CF1174D Ehab and the Expected XOR Problem(二进制)
做法
求出答案序列的异或前缀和\(sum_i\),\([l,r]\)子段异或和可表示为\(sum_r\bigoplus sum_{l-1}\)
故转换问题为,填\(sum\)数组,数组内的元素不为\(0\)且互不相同,且两两异或不为\(x\)

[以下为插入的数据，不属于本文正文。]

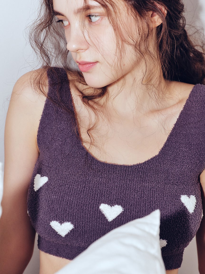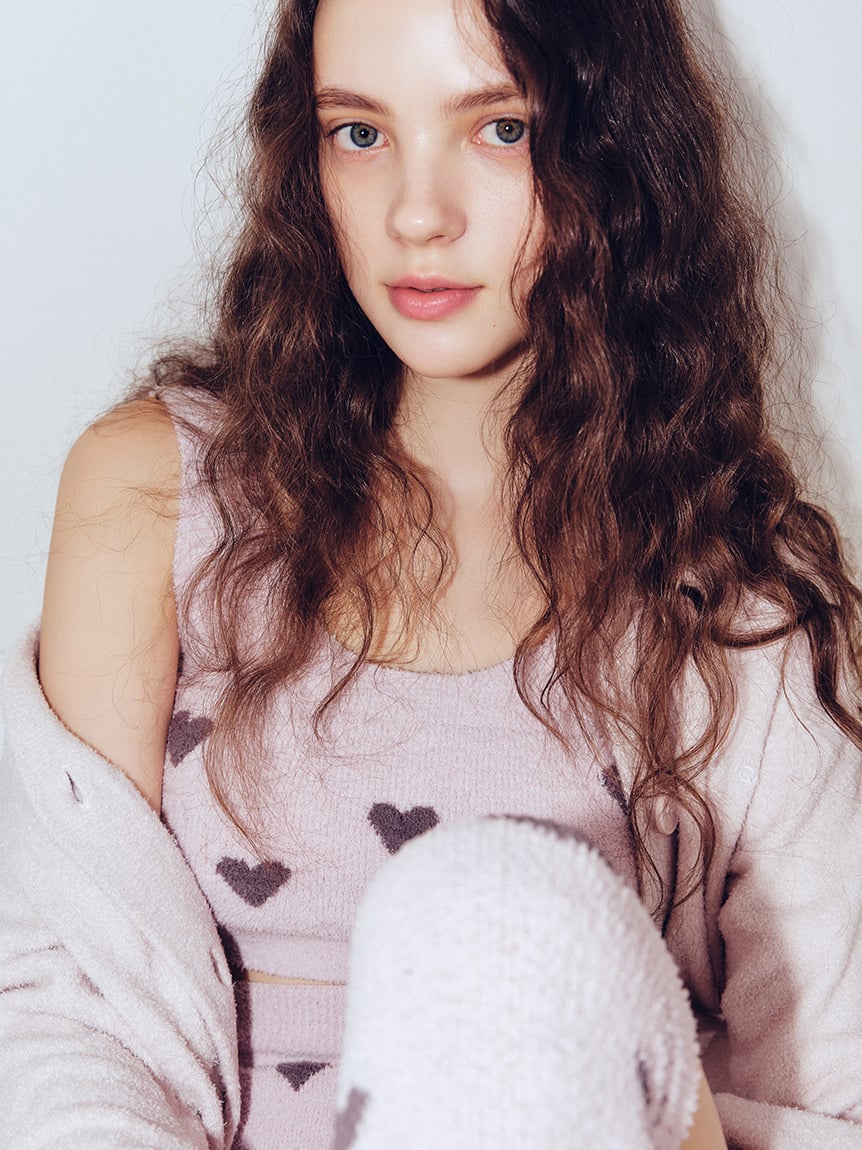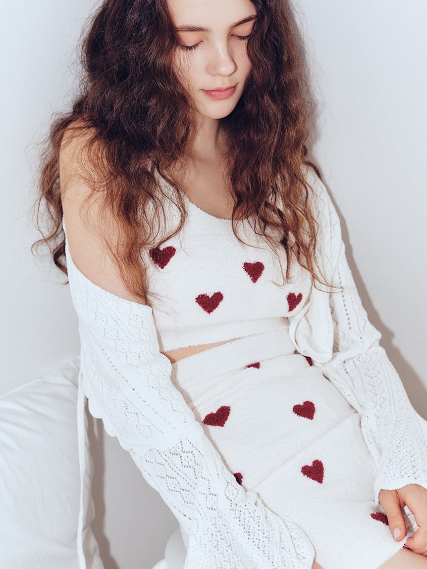 採用蓬鬆柔軟且觸感舒適的針織材質,搭配愛心圖案提花設計。
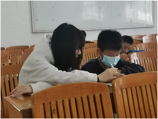 为提升辅导效率和针对性,志愿者们在本次支教活动中采取一对一的辅导方式,帮扶后勤职工子女完成课业。辅导过程中,志愿者们认真听取孩子们的问题,耐心解答他们的疑惑,尽心尽力辅导他们的学业。

预处理\(x\)为多对值,每对值异或起来为\(x\),显然是两两互不影响的,每对值选择任意一个填就行了
最后还得从\(sum_i=\bigoplus_{j=1}^i a_i\)转换为\(a_i\)
code
#include<bits/stdc++.h>
using namespace std;
typedef int LL;
const LL maxn=2e6+9;
inline LL Read(){
LL x(0),f(1); char c=getchar();
while(c<'0' || c>'9'){
if(c=='-') f=-1; c=getchar();
}
while(c>='0' && c<='9'){
x=(x<<3)+(x<<1)+c-'0'; c=getchar();
}return x*f;
}
LL n,x,tot,sum;
LL to[maxn],visit[maxn],ans[maxn];
vector<LL> e;
int main(){
n=Read(); x=Read();
LL up(1<<n);
e.push_back(0);
visit[x]=1;
for(LL i=1;i<up;++i){
if(visit[i]) continue;
visit[x^i]=1;
e.push_back(i);
}
printf("%d\n",e.size()-1);
for(LL i=1;i<e.size();++i) printf("%d ",e[i]^e[i-1]);
return 0;
}